* [Recorded data]
§

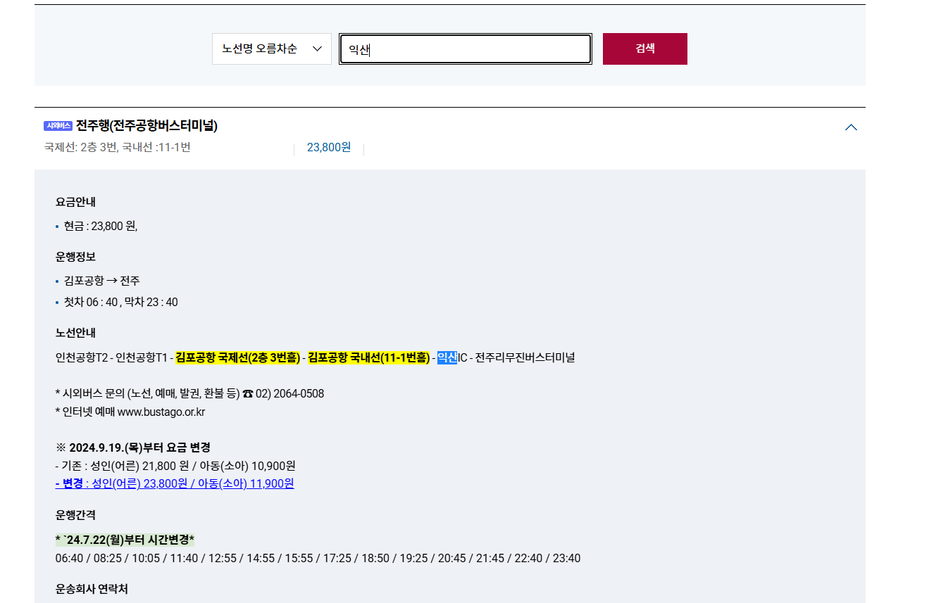 전주같은 경우 다행스럽게도 버스가 있으며, 익산을 경유하는 것을 확인할 수 있습니다.
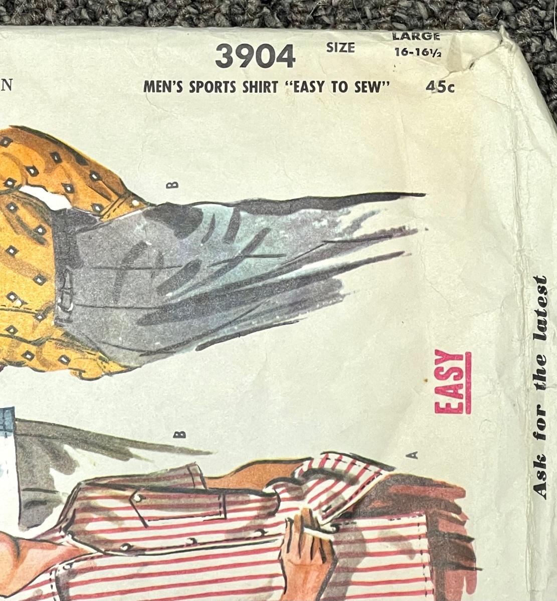 McCall’s Men’s Sport Shirt “Easy to Sew” 3904 1956 size large vintage sewing pattern
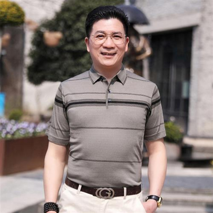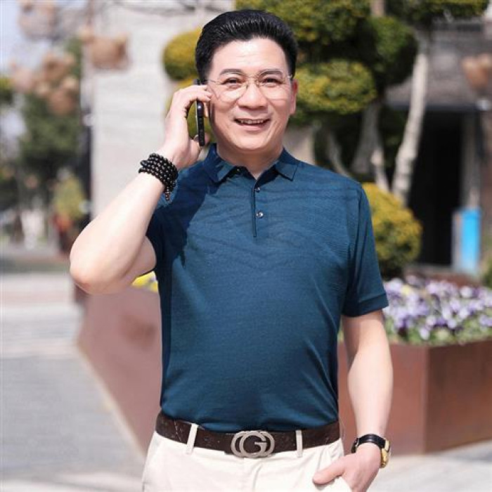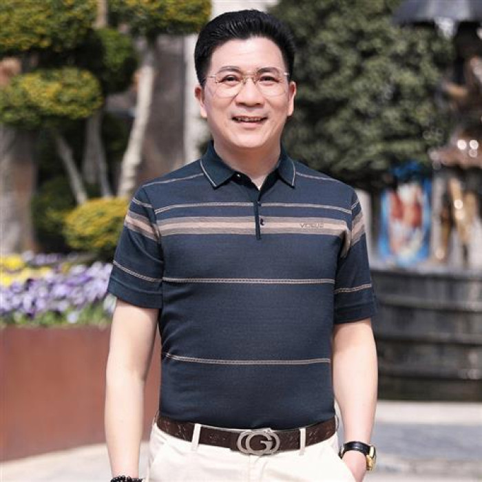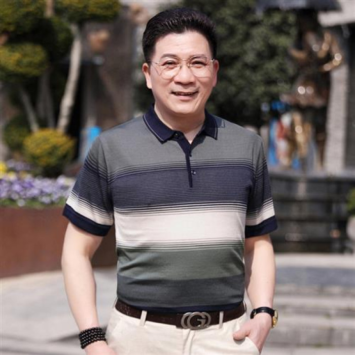 中老年男裝爸爸t恤夏季半袖翻領冰絲男士T恤寬松短袖體恤男t恤
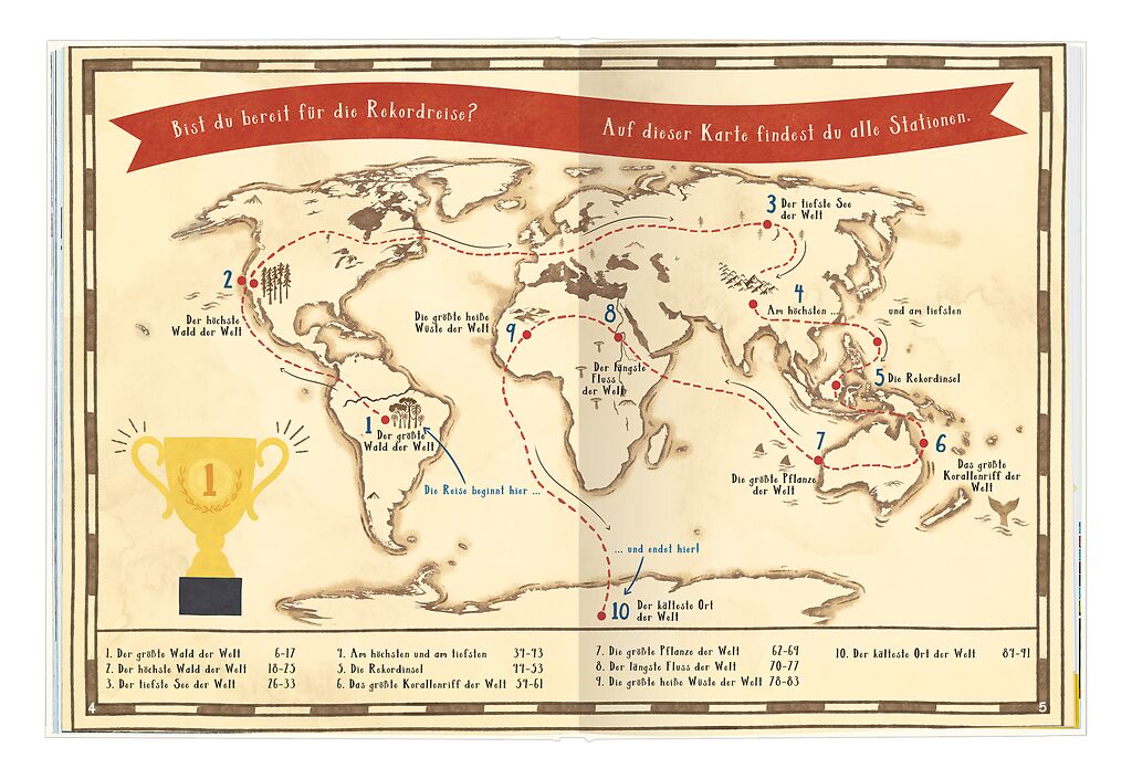 - Beschreibung "Eine Weltreise zu den verrücktesten Rekorden der Natur! Dieses Buch nimmt die Leser*innen mit auf eine Reise zu rekordverdächtigen Lebensräumen. Die größten Wälder, die tiefsten Seen oder die kältesten Wüsten. Auf detailreich illustrierten Doppelseiten stellt die Biologin Katharina Vestre, die verrücktesten Tier- und Pflanzenrekorde vor. Ein Sachbuch zum Staunen!
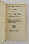 [THIPHAINE DE LA ROCHE]. L'Amour dévoilé, ou le Système des simpathistes, où l'on explique l'origine de l'Amour, des Inclinations, des Simpathies [sic], des Aversions, des Antipathies, etc. S. l., s. n. 1749. in-12, VIII-170 pp. Veau marbré, dos...
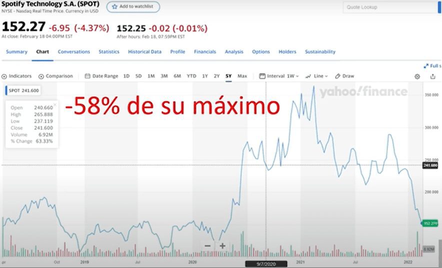Te voy a mostrar una imagen de la acción de Spotify, es una verdadera locura, esta acción estaba por encima de los $350 dólares y ahorita vale $150 dólares.
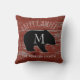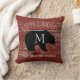 Creëer uw eigen roestrijke beer gepersonaliseerde monogram kussens die perfect zijn voor primitief cabinedrukdecor en RV-koppels - Rustic country-design met zwart silhouet van een beer tegen de achtergrond van oud, noodgedwongen verven rood schuurhout. Bleek grijs monogram initiaal op beer. Leest Happy Campers in gekromde, handgeschreven blik die bovenaan in de passende grijze. Persoonlijke familienaam onderaan in grijze, witte letters. De rug is identiek. Een decor voor een kajuit in de bossen, voor een roestvrijkamer of een cadeau voor een paar dat op de weg gaat met hun RV- of vijfde wielcamper.
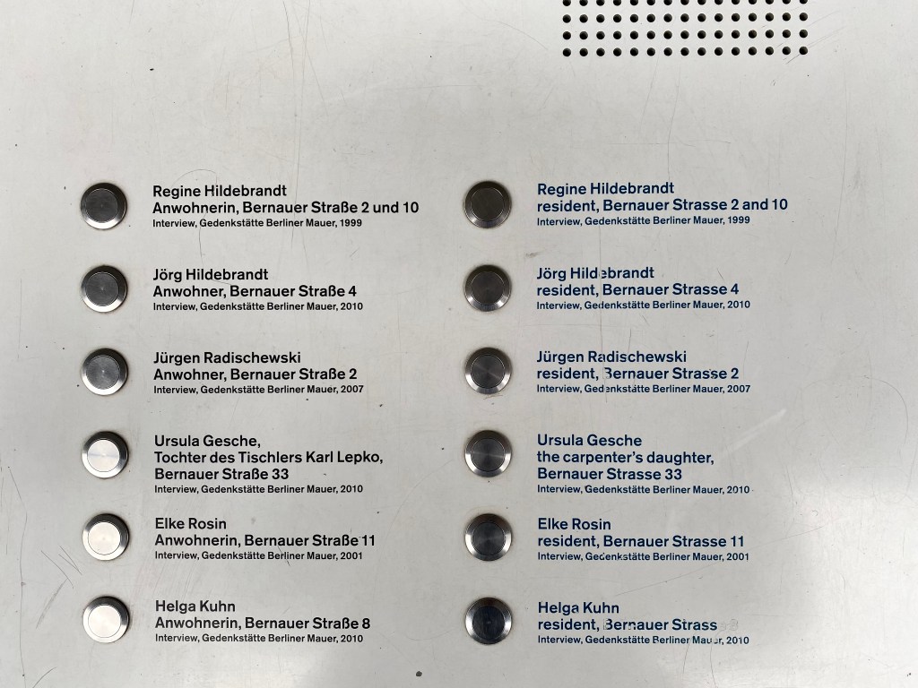 Well prepared, the building continued that night and the Berlin population woke up with a wall in the middle of the city. Front doors and windows on the west side were bricked up. Visiting your neighbors across the street was a subversive act and life-threatening from that point on. The Bernauerstrasse, one of the streets through which the wall went straight, is now a ‘Denkmal’ and in a reconstruction of a shop that had to give way, there is a panel with audio fragments where you can listen to the ‘Zeitzeugen’. Under one of the buttons, a woman tells how every Sunday afternoon they were allowed to make use of a neighbors’ living room that was on the wall side, to see their sick father on the other side of the wall. Waving was not possible, waving was illegal, so every Sunday from four to four-thirty they stroked their hair and stared at each other.
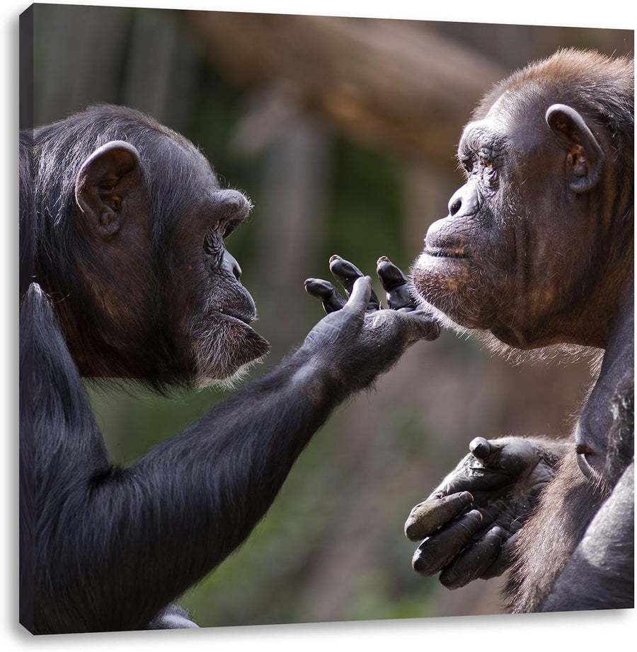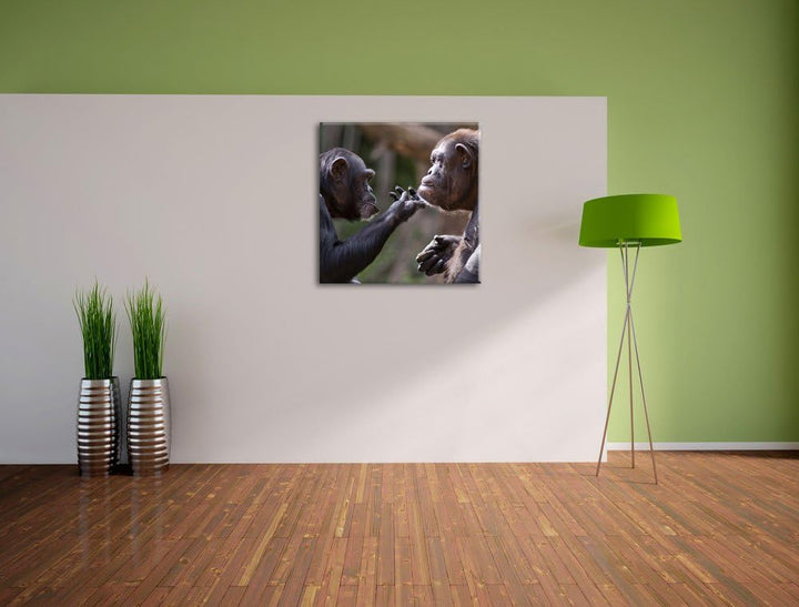 Schimpansen Freundschaft, Format: 70x70 auf Leinwand, XXL riesige Bilder fertig gerahmt mit Keilrahm

§

* [Exercise]
Treating the line with "Creëer uw eigen" as the last line to include, retype the records exactly from their first line, excluding pictures.

* [Task solution]
 전주같은 경우 다행스럽게도 버스가 있으며, 익산을 경유하는 것을 확인할 수 있습니다.
 McCall’s Men’s Sport Shirt “Easy to Sew” 3904 1956 size large vintage sewing pattern
 中老年男裝爸爸t恤夏季半袖翻領冰絲男士T恤寬松短袖體恤男t恤
 - Beschreibung "Eine Weltreise zu den verrücktesten Rekorden der Natur! Dieses Buch nimmt die Leser*innen mit auf eine Reise zu rekordverdächtigen Lebensräumen. Die größten Wälder, die tiefsten Seen oder die kältesten Wüsten. Auf detailreich illustrierten Doppelseiten stellt die Biologin Katharina Vestre, die verrücktesten Tier- und Pflanzenrekorde vor. Ein Sachbuch zum Staunen!
 [THIPHAINE DE LA ROCHE]. L'Amour dévoilé, ou le Système des simpathistes, où l'on explique l'origine de l'Amour, des Inclinations, des Simpathies [sic], des Aversions, des Antipathies, etc. S. l., s. n. 1749. in-12, VIII-170 pp. Veau marbré, dos...
Te voy a mostrar una imagen de la acción de Spotify, es una verdadera locura, esta acción estaba por encima de los $350 dólares y ahorita vale $150 dólares.
 Creëer uw eigen roestrijke beer gepersonaliseerde monogram kussens die perfect zijn voor primitief cabinedrukdecor en RV-koppels - Rustic country-design met zwart silhouet van een beer tegen de achtergrond van oud, noodgedwongen verven rood schuurhout. Bleek grijs monogram initiaal op beer. Leest Happy Campers in gekromde, handgeschreven blik die bovenaan in de passende grijze. Persoonlijke familienaam onderaan in grijze, witte letters. De rug is identiek. Een decor voor een kajuit in de bossen, voor een roestvrijkamer of een cadeau voor een paar dat op de weg gaat met hun RV- of vijfde wielcamper.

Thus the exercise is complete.